Pleasing audiences at live shows has been the band's forte over the years. They've had radio hits, video hits, won Juno Awards and gotten critical acclaim rarely applied to pop-punk rock bands. But Hoggard has always been a musician's musician, an old-school composer and crafter of songs. He insists on quality material in the recording studio and delivering quality showmanship on the stage, so he, Rosin, drummer Jay Beni and bassist Tommy Mac get to attack every moment on tour.

Rosin said the new album and tour are different in a lot of ways. It's not a clear departure from past material, but the songs on Cageless have a maturity and broad appeal that feels fresh even to the Hedley guys. The world is already driving the hit single Better Days up the charts, but the other songs on the album all have single potential. It is one of those rare top-to-bottom records that feels full and timeless right from the first spin.

"Jake really wrote a hell of a record," Rosin said, adding that he's noticing Better Days "becoming a mantra for people" it is so popular wherever they go. The key, Rosin said, was Hoggard was not intent on writing hit songs. He was trying to push back against social forces none of them wanted to lay off of.

"When Jake first brought it up to us and said he wanted to call it Cageless we didn't feel this (burst of rebellion) like we were in cages before and now we're free. I think it was more a sentiment of what's going on socially these days, and be it personally, or sexually for equality, or for (Aboriginal) reconciliation, it feels like there is a taking back of who we are personally and with what's going on in the world. It's not about 'hey parents, you can tell me what to do;' it is more about being who we want to be, being able to express the feelings you want to express."

Rosin is the proud papa of a young son, now, so he was fully in support of using their art to paint a brighter picture of the future, and rage against the injustice and intolerance showing its colours in society right now. With their years of creativity and personal experience, now, though, the songs do that on Cageless by throwing a party, not throwing a tantrum.

Rosin's adulthood shows up a bit in nostalgia. He asked as many questions as he answered, wanting to know all about how P.G. looks and feels these days. He wanted to know if The Citizen was still located in the same building, and when he heard we'd moved a few blocks he suddenly calculated that the printing press would have been hard to adjust.

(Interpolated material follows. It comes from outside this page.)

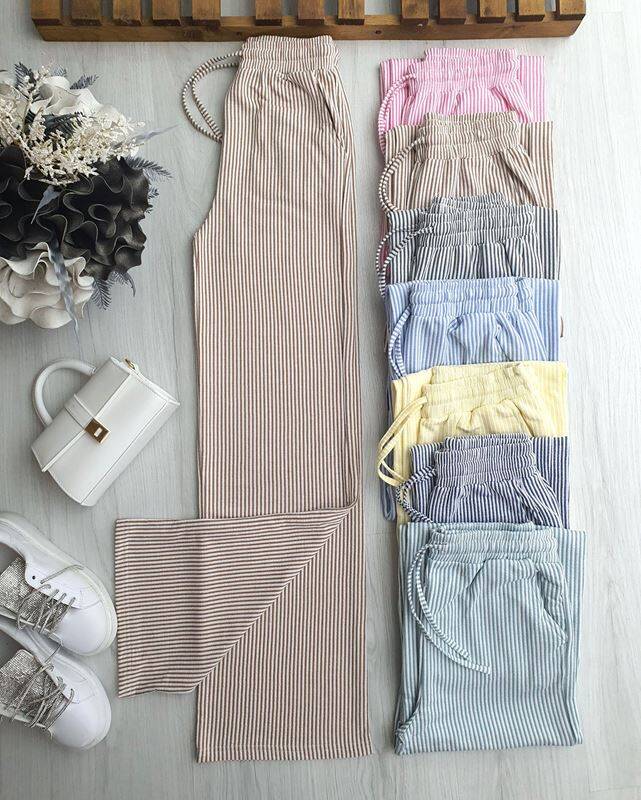 CUSAL BELİ LASTİKLİ BAĞCIKLI ÇİZGİLİ BOL PAÇA PANTOLON C9-6071-48-BİSKÜVİ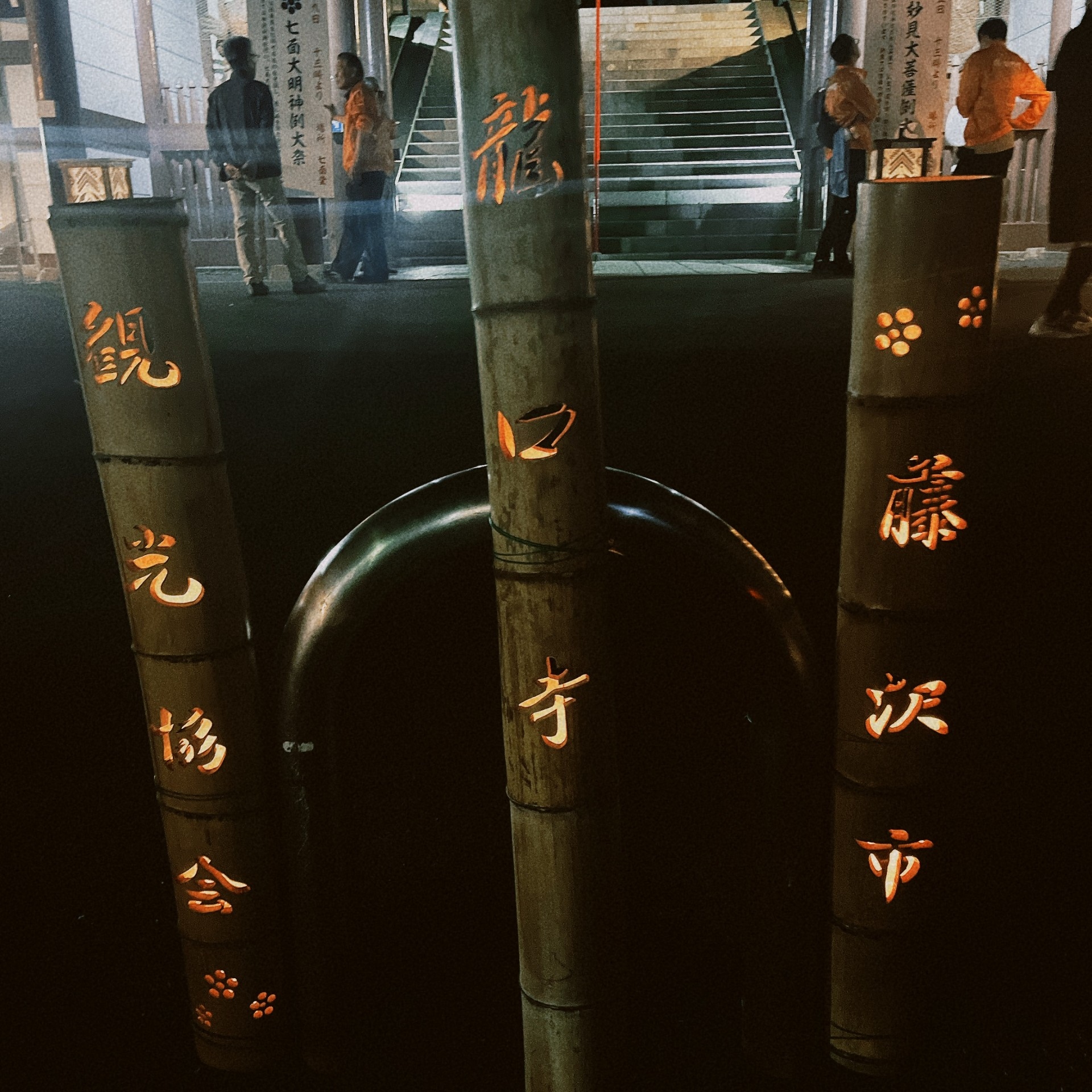 2009年(平成21年)まで行われてきた「灯籠流し」に代わって、2010年(平成22年)より龍口寺の境内で行われている「竹灯籠」。

He was relieved to know the complex machine could remain where it always was.

That reminded him of how his paper route got him his first guitar. He won a Citizen paper carrier contest, the prize was a video game system, but he flipped it for the guitar that would eventually lead him into an international career.

He misses this city so much that last time the band was in town, he went on a sentimental journey. His family moved away from Prince George, so he went to his childhood home and knocked on the door.

"I don't recommend people do that, but I had a really good experience seeing the old place where I grew up," he said.

He also drove around to see the parks where he played youth baseball and the venues where he performed in musical theatre shows and sang solo songs.

Letting himself feel gratitude is one of the values he appreciates most about his caring and progressive family life and Prince George social life. As massive as Hedley is on the world stage today, he never loses sight of that.

He never forgets a conversation he once had with a dirty, calloused labourer who came up to him one day in some town on the Canadian landscape. He recognized Rosin and told him he was looking forward to seeing the concert that night, and he was excited to bring his daughter along as an experience they could share.

"That guy has gone and put in hard-earned hours of his time, worked his ass off, so he could buy a concert ticket and bring his daughter, and that wasn't lost on us," Rosin said. "So if you're coming to the show, thank you. Prince George always goes off for us, I'm a very proud hometown boy, and we can't wait to see you at the CN Centre."

Hedley headlines the event on Thursday night along with special guest performers Neon Dreams and Shawn Hook.